Born in Silkeborg on 8 November 1930, Bodil Marie Kaalund was the daughter of the painter Martin Kaalund-Jørgensen (1889–1952) and Hilda Jenny Rasmussen (1896–1984), a teacher. It was thanks to her father that she became interested in painting from an early age. Her mother, who never worked professionally, became her teacher when she and her elder sister spent their long summers in their Røsnæs summerhouse. In 1943, the family moved to Lyngby where she lived for the rest of her life.

Kaalund attended the state school in Lyngby. In her early teens, she became interested in religious art. This was reinforced in 1946 when she discovered the work of Edvard Munch while on holiday in Norway. When she was just 18, she exhibited two landscape paintings at Den Frie Udstilling's autumn exhibition.

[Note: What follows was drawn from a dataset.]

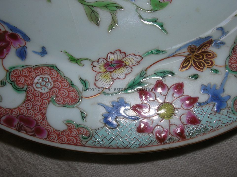 Circa 1740-70, Descended in the Dehon Family, Elaborate Design Depicting a Crane Flanked By a Bowl of Fruit and a Turquiose Vase on Stand. the Decoration in Overglaze Famille Rose Enamels with a Gilt Edge and Overglaze Gilding on the Bird and Selected Border Flowers. No Markings on Reverse Paper Label Attached That Reads From the Nathaniel Russell Home in Charleston, About 1760Collection
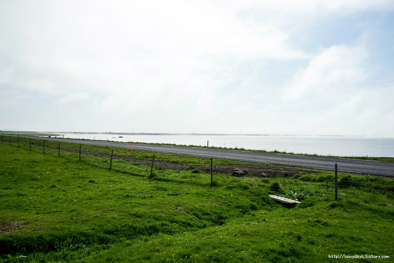 화산 폭발 지대를 지나 차를 타고 다시 셀랴란드 스포츠를 향해간다. 하지만 이런 멋진 풍경이 계속 펼쳐져 내 발목을 잡는다. 눈앞에는 광활한 대지와 살짝 오른 산 그리고 그 위를 살포시 덮은 안개.. 그리고 그 밑에서 평화롭게 풀을 뜯는 양 떼.. 그리고 바로 등 뒤로는 끝없이 펼쳐진 맑은 호수..

After matriculating from high school, she studied at the Royal Danish Academy of Fine Arts under Kræsten Iversen, Holger J. Jensen and Elof Risebye, graduating in 1954. In 1950, Kaalund married the painter Nikolaj Nielsen. They had one child together, Magnus, but the marriage was dissolved in 1976.

==Career==
While at the Royal Academy, Kaalund met the Greenlandic artist and writer Jens Rosing. As a result, she developed a keen interest in the art and culture of Greenland. In 1968, she travelled there to arrange the first exhibition of Danish art ever held in Greenland. The following year, she went on to arrange an exhibition of Greenlandic art in Denmark in the Louisiana Museum of Modern Art. She later collaborated with Hans Lynge to establish Grønlands Kunstskole (Greenland's Art School), which opened in 1972. In 1979, she published Grønlands kunst (translated as The Art of Greenland), the first extensive work of its kind.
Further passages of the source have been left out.